▸ Task brief
Could you set down the listing below exactly and omit its images?

▸ Data section
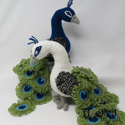 I remember thinking that King was pretty when he had his tail up in his classic tough-guy display, but that he was most beautiful when he was strutting along, his tail gently floating behind him, swaying in time. I always marveled at how his long feathers always fell perfectly back into place after his dance. In this spirit, I chose not to make a peacock with its tail in the air, but rather one with its tail folded into that soft royal train.
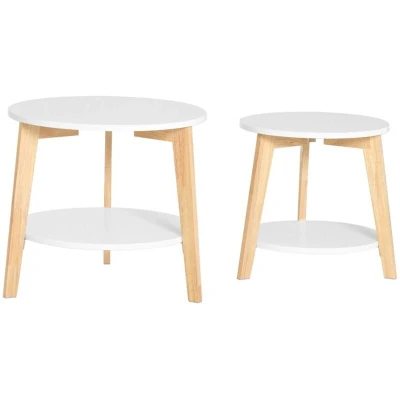 Crafted from high-quality MDF and sturdy rubber wood, the tables boast a durable design. The tabletops and shelves are finished with a sleek white lacquer, giving them a modern touch. The legs, made from varnished rubber wood, not only provide stability but also enhance the overall aesthetic of the tables.
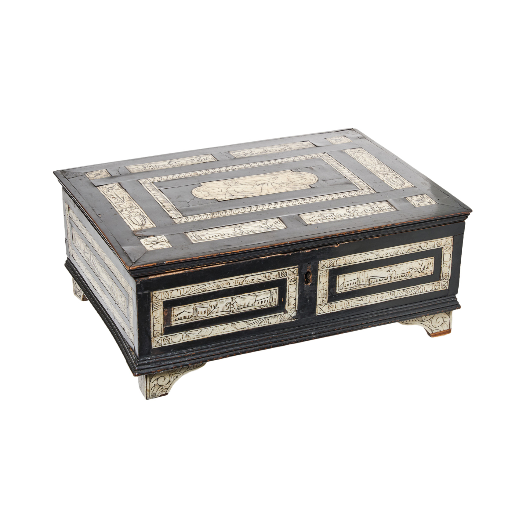 Pequeña arqueta italo-flamenca chapada en madera ebonizada y placas en hueso grabado, s.XVII. Decorada por motivos florales y paisaje. Placa central con representación de la diosa Venus. Presenta cajón en el lateral derecho. Interior decorado por papel de época posterior. Adjunta llave.

▸ Task output
 I remember thinking that King was pretty when he had his tail up in his classic tough-guy display, but that he was most beautiful when he was strutting along, his tail gently floating behind him, swaying in time. I always marveled at how his long feathers always fell perfectly back into place after his dance. In this spirit, I chose not to make a peacock with its tail in the air, but rather one with its tail folded into that soft royal train.
 Crafted from high-quality MDF and sturdy rubber wood, the tables boast a durable design. The tabletops and shelves are finished with a sleek white lacquer, giving them a modern touch. The legs, made from varnished rubber wood, not only provide stability but also enhance the overall aesthetic of the tables.
 Pequeña arqueta italo-flamenca chapada en madera ebonizada y placas en hueso grabado, s.XVII. Decorada por motivos florales y paisaje. Placa central con representación de la diosa Venus. Presenta cajón en el lateral derecho. Interior decorado por papel de época posterior. Adjunta llave.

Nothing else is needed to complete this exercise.